THE DATA:
━━━━

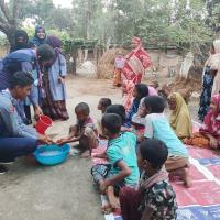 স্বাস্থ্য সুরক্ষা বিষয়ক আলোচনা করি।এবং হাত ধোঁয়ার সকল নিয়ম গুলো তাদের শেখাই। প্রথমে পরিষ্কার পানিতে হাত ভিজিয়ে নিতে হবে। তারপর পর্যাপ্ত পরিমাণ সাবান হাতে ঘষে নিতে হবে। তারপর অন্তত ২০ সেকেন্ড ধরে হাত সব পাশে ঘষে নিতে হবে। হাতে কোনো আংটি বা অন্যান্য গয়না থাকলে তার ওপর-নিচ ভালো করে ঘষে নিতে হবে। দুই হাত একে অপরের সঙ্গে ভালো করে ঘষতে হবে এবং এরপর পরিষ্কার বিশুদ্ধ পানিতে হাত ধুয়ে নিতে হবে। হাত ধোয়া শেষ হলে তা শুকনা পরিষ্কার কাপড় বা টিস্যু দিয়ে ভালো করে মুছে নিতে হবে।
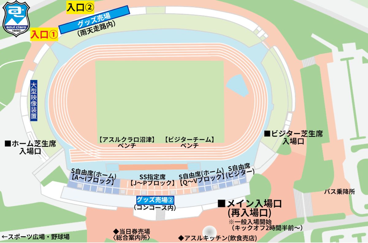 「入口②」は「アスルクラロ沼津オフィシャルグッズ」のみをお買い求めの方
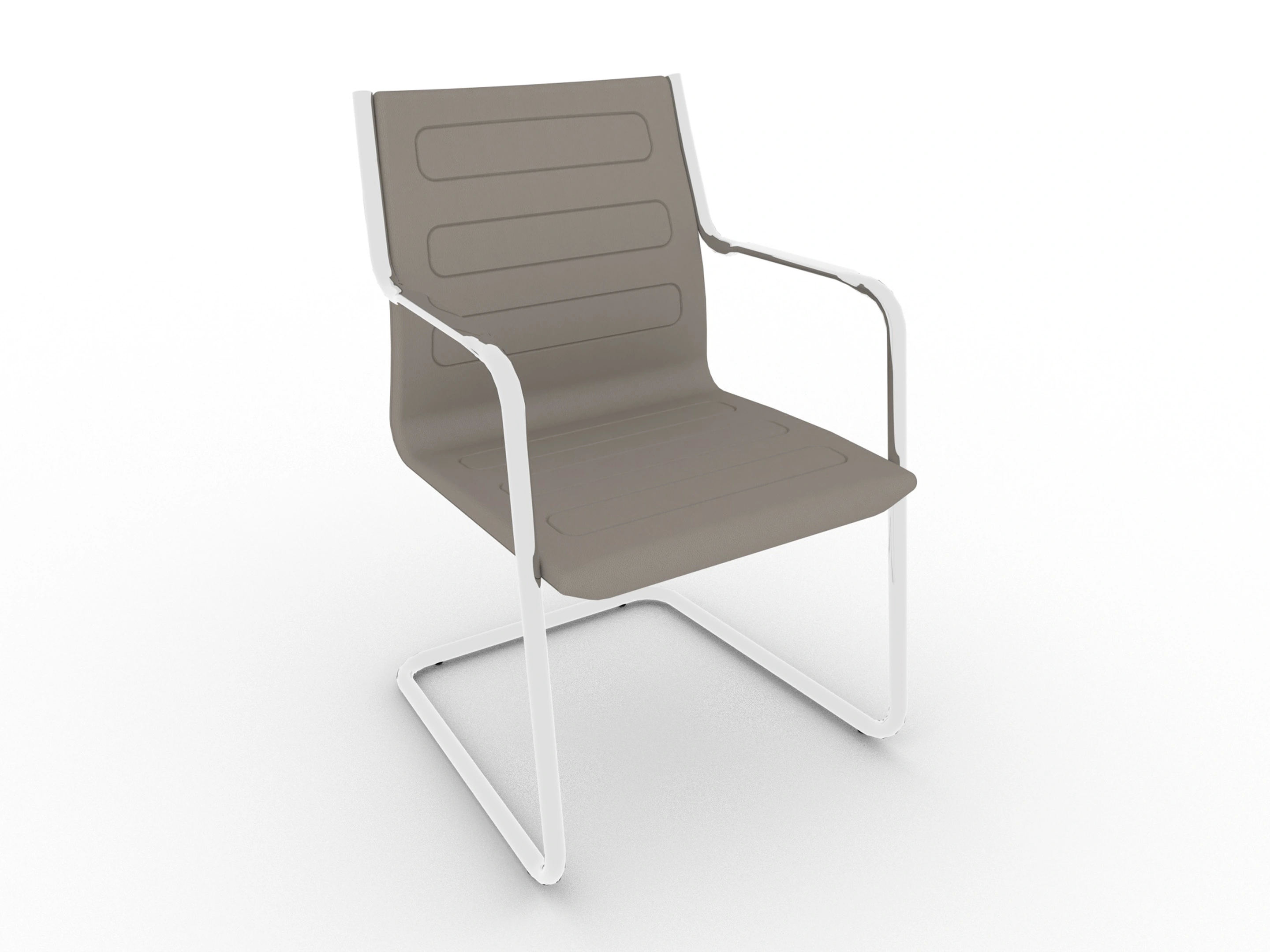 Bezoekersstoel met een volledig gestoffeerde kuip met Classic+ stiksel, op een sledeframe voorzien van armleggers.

━━━━

The required output is every line of the data above, set down exactly and stripped of pictures.

OUTPUT BELOW:
 স্বাস্থ্য সুরক্ষা বিষয়ক আলোচনা করি।এবং হাত ধোঁয়ার সকল নিয়ম গুলো তাদের শেখাই। প্রথমে পরিষ্কার পানিতে হাত ভিজিয়ে নিতে হবে। তারপর পর্যাপ্ত পরিমাণ সাবান হাতে ঘষে নিতে হবে। তারপর অন্তত ২০ সেকেন্ড ধরে হাত সব পাশে ঘষে নিতে হবে। হাতে কোনো আংটি বা অন্যান্য গয়না থাকলে তার ওপর-নিচ ভালো করে ঘষে নিতে হবে। দুই হাত একে অপরের সঙ্গে ভালো করে ঘষতে হবে এবং এরপর পরিষ্কার বিশুদ্ধ পানিতে হাত ধুয়ে নিতে হবে। হাত ধোয়া শেষ হলে তা শুকনা পরিষ্কার কাপড় বা টিস্যু দিয়ে ভালো করে মুছে নিতে হবে।
 「入口②」は「アスルクラロ沼津オフィシャルグッズ」のみをお買い求めの方
 Bezoekersstoel met een volledig gestoffeerde kuip met Classic+ stiksel, op een sledeframe voorzien van armleggers.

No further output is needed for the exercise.